WASHINGTON (AP) - Detailed allegations by federal investigators that BP traders illegally manipulated propane prices in 2004 could hurt the oil and gas industry's image at a time when consumers and Congress are upset about soaring energy costs and record profits.
The Commodity Futures Trading Commission said Wednesday that BP traders -- with the consent of senior management -- "purchased enormous quantities of propane to establish a dominant" position in the market and then withheld fuel in order to drive prices higher
According to the CFTC lawsuit, which was filed in the U.S. District Court for the Northern District of Illinois, the plan to manipulate prices and pump up profits began to take shape in early 2004 amid declining propane prices that were particularly painful to BP because its traders had made significant bets that prices would rise.
Flynn said it was "ridiculous" for traders at a company the size of BP, which had profits of nearly $16 billion in 2004, to be engaged in such activity.
"It's sort of like Bill Gates going out and shoplifting a package of bubble gum," he said.

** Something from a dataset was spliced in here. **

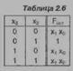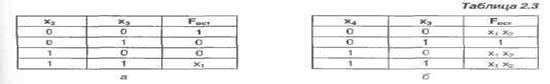 При переносе в сигналы настройки двух переменных (Хд и «Xj) для поиска остаточных функций следует просмотреть четверки смежных строк таблицы с неизменными наборами Х2Х3 – аргументами, подаваемыми на адресные входы УЛМ. Этот просмотр приводит к следующей таблице (табл. 2.6).
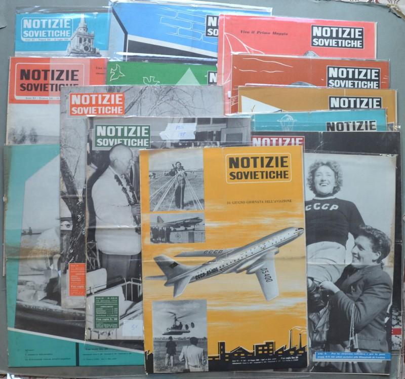 (Periodico illustrato – Comunismo) NOTIZIE SOVIETICHE. Periodico illustrato edito a Roma, formato cm 30x41, pagine 12 a numero. Disponiamo dell'annata 1956 (anno XI), completa, composta dai numeri 230/253. Tutti i numeri hanno una piega centrale dovuta alla conservazione. (Rif.D3456 - 575/67)

By the end of February 2004, BP controlled almost 90 percent of all the propane delivered on a pipeline that stretches from Mont Belvieu, Texas, to consumers as far away as New York, Pennsylvania and Illinois, investigators said. From the beginning of the month to Feb. 27, the cost of the liquid that is stripped from natural gas skyrocketed by more than 40 percent to about 90 cents per gallon -- "a price that would not otherwise have been reached under the normal pressures of supply and demand," investigators said.